You're observing their final state, not their path. By the time such beings reach public recognition, their entire physiology has transformed through decades of practice. Their energy no longer comes primarily from food and sleep - they've developed subtle energy systems that most aspirants haven't. More importantly, their 'extreme' habits were not forced disciplines but natural consequences of their state. When the mind is absorbed in the Self, the body's demands genuinely decrease. Ramana didn't force himself to eat little; he simply forgot to eat because his attention was elsewhere. This is radically different from an aspirant forcing the same external behavior while the mind screams for food. For those of us still on the path, the body has not yet transformed. Forcing behaviors appropriate to realized beings onto unrealized bodies creates dysfunction, not progress. Walk the path honestly from where you are, not by imitating the external behavior of those who've completed it.
Modern nutrition science says intermittent fasting has health benefits. Isn't Krishna's teaching outdated in this regard?
Krishna is not giving nutrition advice - he's identifying conditions for successful yoga practice. Modern research on intermittent fasting applies to physical health metrics; yoga aims at mental stillness and spiritual realization. These are different goals with different requirements. That said, the principles align more than you might think. Successful intermittent fasting protocols emphasize eating adequate nutrition in the eating window - they don't advocate constant hunger or malnutrition. Similarly, Krishna doesn't forbid any particular eating pattern; he forbids the extremes that prevent yoga. If you can fast intermittently while maintaining the mental clarity, stable energy, and emotional equilibrium needed for deep practice, then your pattern isn't 'excessive fasting' in Krishna's sense. The test isn't the pattern but the result: Does your eating approach support or hinder your ability to do yoga? If fasting makes your mind sharp and light, continue. If it makes you irritable, obsessed with food, or too weak to sit, reconsider. The verse points to results, not rules.
I have the opposite problem - I know I overeat and sleep too much, but I can't seem to change these habits. How does knowing I need moderation help if I can't achieve it?
Knowledge precedes change.
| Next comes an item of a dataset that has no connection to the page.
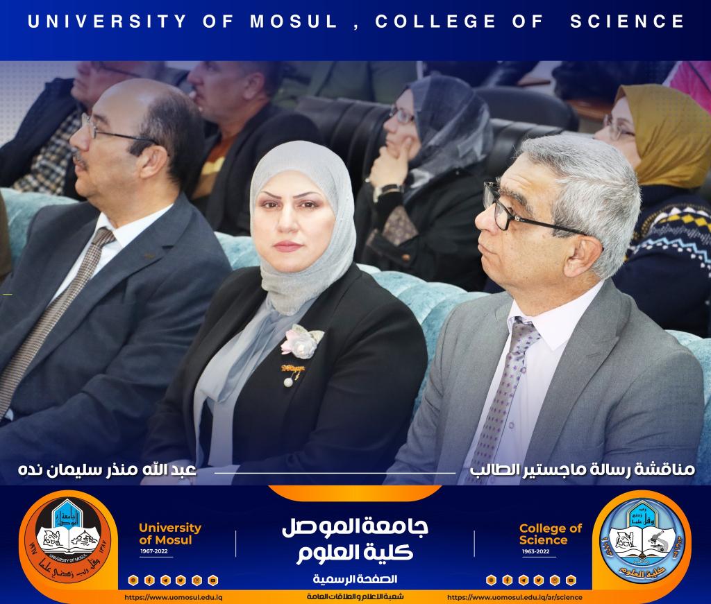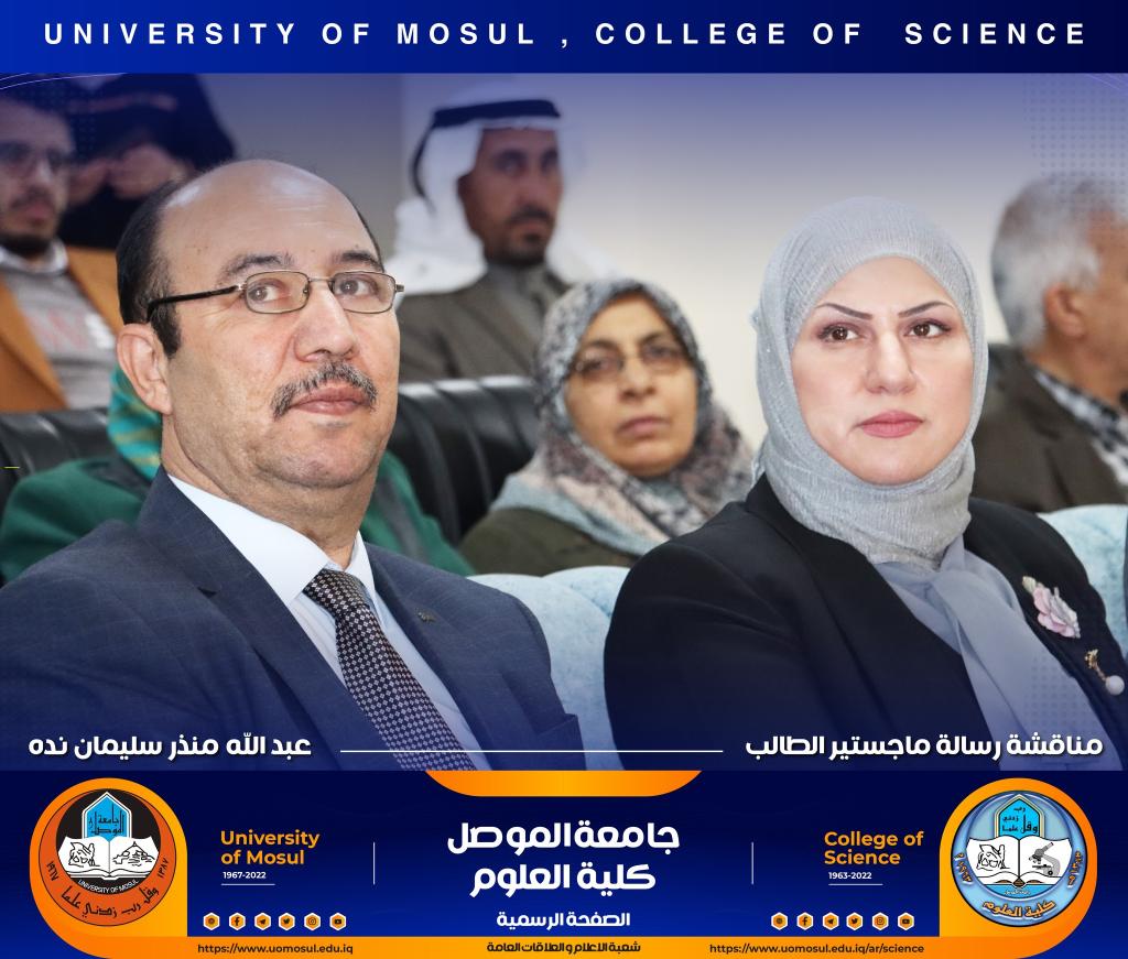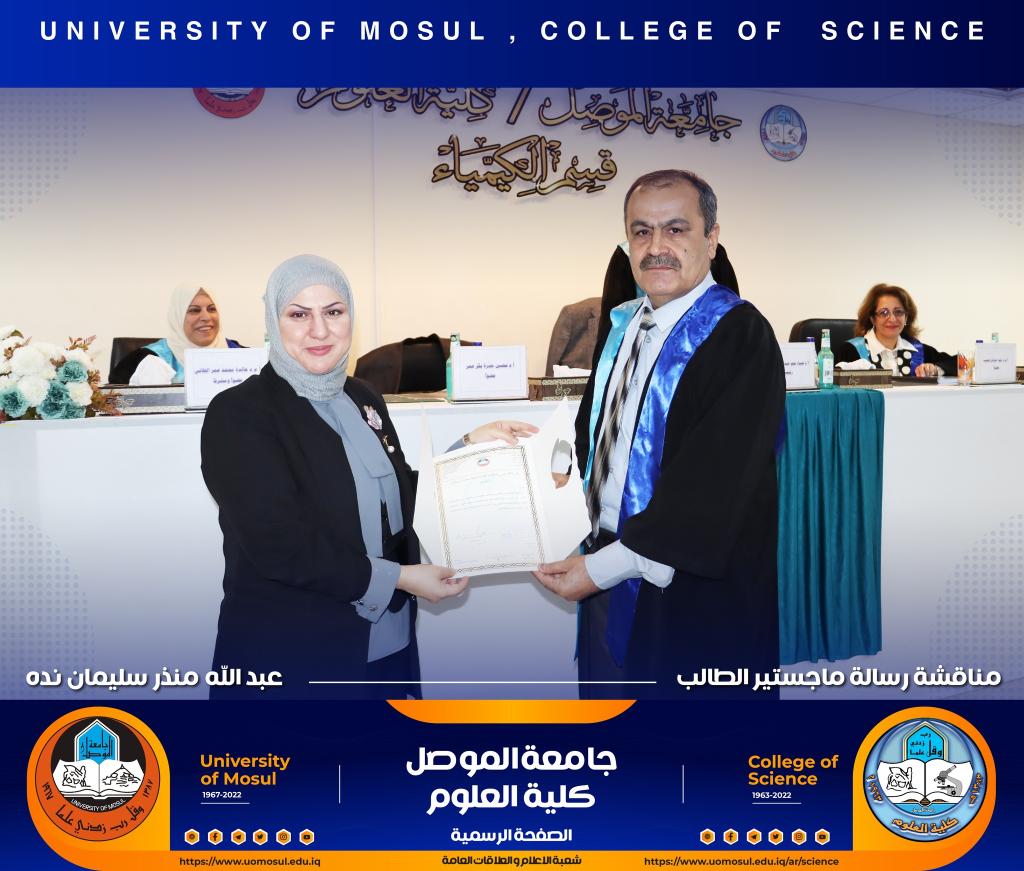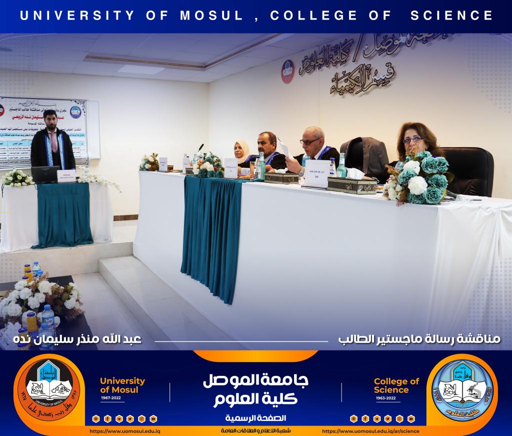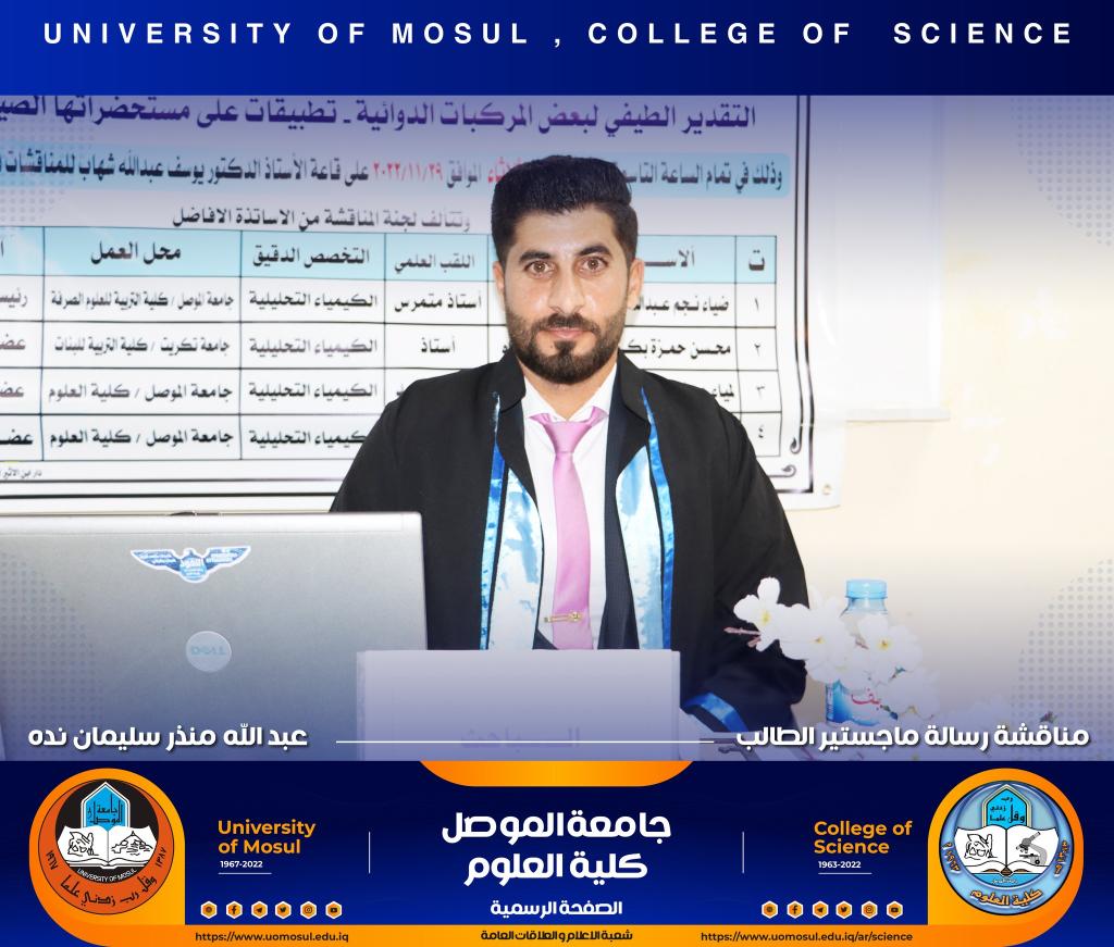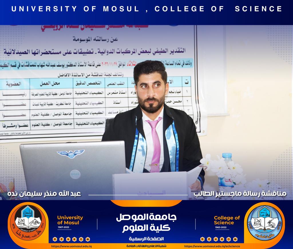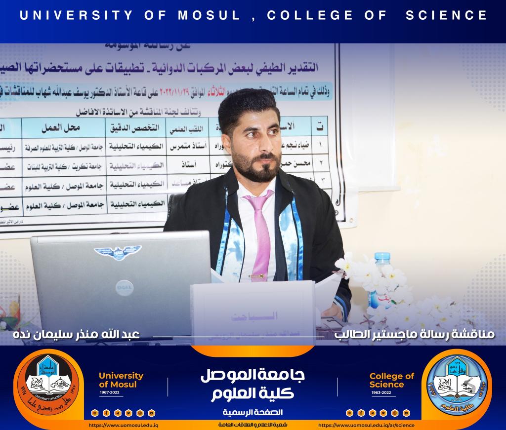 ناقش قسم الكيمياء في كلية العلوم بجامعة الموصل رسالة الماجستير الموسومة ” التقدير الطيفي لبعض المركبات الدوائية- تطبيقات على مستحضراتها الصيدلانية” يوم الثلاثاء الموافق 29 تشرين الثاني 2022.حضر جانباً منها السيدة عميد الكلية الأستاذ الدكتورة هيام عادل إبراهيم و السيد المعاون العلمي و السيد رئيس القسم وعدد من تدريسي الكلية .تناولت الرسالة التي تقدم بها الطالب ( عبد الله منذر سليمان ) في فرع الكيمياء التحليلية تطوير طريقة طيفية بسيطة وحساسة لتقدير كميات مايكروغراميَّة من السلفاميثوكسازول بشكله النقي وفي بعض مستحضراته الصيدلانيَّة , وتتضمن الطريقة أزوتة السلفاميثوكسازول مع كمية متكافئة من نتريت الصوديوم في وسط حامضي من حامض الهيدروكلوريك لتكوين أيون الديازونيوم المقابل ثم اقترانه مع كاشف 4- كلوروريزورسينول في محيط قاعدي لتكوين صبغة أزوية ذات لون برتقالي ذائبة في الماء ومستقرة الَّتي أعطت أعلى امتصاص عند الطول الموجي 498 نانوميتر.تضمنت الدراسة كذلك تطوير طريقة طيفية غير مباشرة لتقدير كميات مايكروغرامية من الترايمثوبريم. تعتمد الطريقة على أكسدة التراميثوبريم في الوسط الحامضي باستعمال زيادة معلومة من محلول ن- برومو سكسينميد, ثم قصر لون صبغة الانديكوكارمين بالعامل المؤكسد الفائض, بعدها يتم قياس المتبقي من الصبغة ذات اللون الأزرق عند الطول الموجي 610 نانوميتر. اضافة الى تطوير طريقة طيفيَّة غير مباشرة لتقدير الباراسيتامول في المحلول المائي باستعمال تفاعل الأَكسدة والاختزال , اعتمدت الطريقة على أكسدة الباراسيتامول بوساطة أيون الحديد الثلاثي ثم مفاعلة أيون الحديد الثنائي المتحرر مع الكاشف 4,7-ثنائي فنيل -1-10-فينانثرولين (الباثوفينانثرولين) , وتكوين معقد أحمر مستقر وذائب في الماء له أعلى امتصاص عند الطول الموجي 533 نانوميتر.ترأس لجنة المناقشة الأستاذ الدكتور ضياء نجم عبد الله الصبحة وعضوية كل من الأستاذ الدكتور محسن حمزة بكر من جامعة تكريت و الأستاذ المساعد الدكتورة لمياء عدنان نجيب سرسم ، وبإشراف وعضوية الأستاذ المساعد الدكتورة خالدة محمد عمر.شعبة الإعلام والعلاقات العامةالثلاثاء 29 تشرين الثاني 2022

Without knowing that moderation is necessary, you might have continued indefinitely thinking excess doesn't matter for spiritual practice, or that you'll 'work on it later.' Now you know it's not optional - this knowledge creates pressure for change. The change itself must be gradual and compassionate. Don't try to revolutionize habits overnight; that approach usually fails and leads to giving up entirely. Instead: reduce by small amounts. If you eat four large meals, make the fourth one slightly smaller this week. If you sleep ten hours, set an alarm for 9.5 hours. Small, sustainable adjustments compound over time. More importantly, investigate why you overeat or oversleep. Usually there's an emotional component - eating to fill emptiness, sleeping to escape problems. Address these roots alongside the behavioral symptoms. And use your yoga practice itself as feedback - notice how different amounts of food and sleep affect your concentration. This direct experience motivates change more than any rule.